COLUMBIA - One downtown business owner said Wednesday it is too early to tell if a proposed "Tiger Town" fan zone would increase revenue on MU football game days this fall.
Local business and civic leaders explained the Tiger Town idea to the public for the first time Tuesday afternoon.
Bob Gerding, former chairman of the Columbia Chamber of Commerce and a partner at Gerding, Korte and Chitwood, told KOMU 8 News his goal in creating Tiger Town is to close a portion of downtown so MU fans and visiting schools can celebrate the game in one enclosed area. In the past, fans choosing to celebrate downtown had to stay inside local bars and businesses.
Gerding said MU's move to the Southeastern Conference inspired him to take charge of the proposal. He said SEC fans generally travel to more away games than Big 12 fans. He said it is important to have alternatives to traditional tailgating. Gerding said by having a destination for fans of both teams to celebrate, SEC visitors will get a better impression of MU's campus and downtown Columbia.
Gerding is working with Rick Means, the CEO of Shelter Insurance, and Greg Steinhoff, an executive at Veterans United Home Loans. The three supporters are MU alumni. Gerding said specific details are not yet definite, but the idea is in the planning process.
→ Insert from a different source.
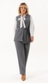 Костюм женский классический это идеальное решение для Вашего гардероба. Комплект состоит из двух предметов — прямые брюки с высокой посадкой прямого кроя на молнии и на резинке, с боковыми карманами сочетаются с любыми базовыми вещами. Универсальный классический жилет с V-образным вырезом горловины превосходно садится по фигуре, на правой полочке обработан прорезной карман с листочкой, на левой разрез , застежка обработана на отлетном хлястике ,на петлю и пуговицу. Этот элемент делает его более интересным. Жилет на подкладке . Ассиметричный жилет можно одевать поверх тонкой одежды. Базовый брючный костюм идеален для повседневного образа на работу в офис,школу, а при нарядной блузке комплект превращается в нарядный. Современный костюм также будет хорошо смотреться как вечерний наряд на различные мероприятия, праздники, день рождения, корпоратив. Шикарный нарядный станет незаменимым в Вашем гардеробе . Этот костюм подчеркнет Вашу уверенность и стиль.

The committee is currently looking to shut down Elm Street and possibly portions of Eighth, Ninth, and Tenth streets. The closed streets would allow fans to walk the downtown area freely carrying open containers of alcohol. Gerding said supporters hope to have vendors and live music lining the streets.
The project would also include a secluded area for families with alcohol-free activities. Gerding said possible locations for the family-friendly zone would be the Francis Quadrangle or Stnakowski field. Gerding added shuttles would be available for people not wanting to take the "Tiger Trail" walk from downtown to Faurot Field.
Chris Flood, Owner of Campus Bar and Grill, attended the Tiger Town public discussion on Tuesday. He told KOMU 8 he is excited about anything that brings more people downtown, but is worried about losing business.
Flood said, "If fans can freely roam the street what is going to keep them inside our business buying drinks? A lot of downtown businesses and bars depend on game-day revenue to remain operational during the year."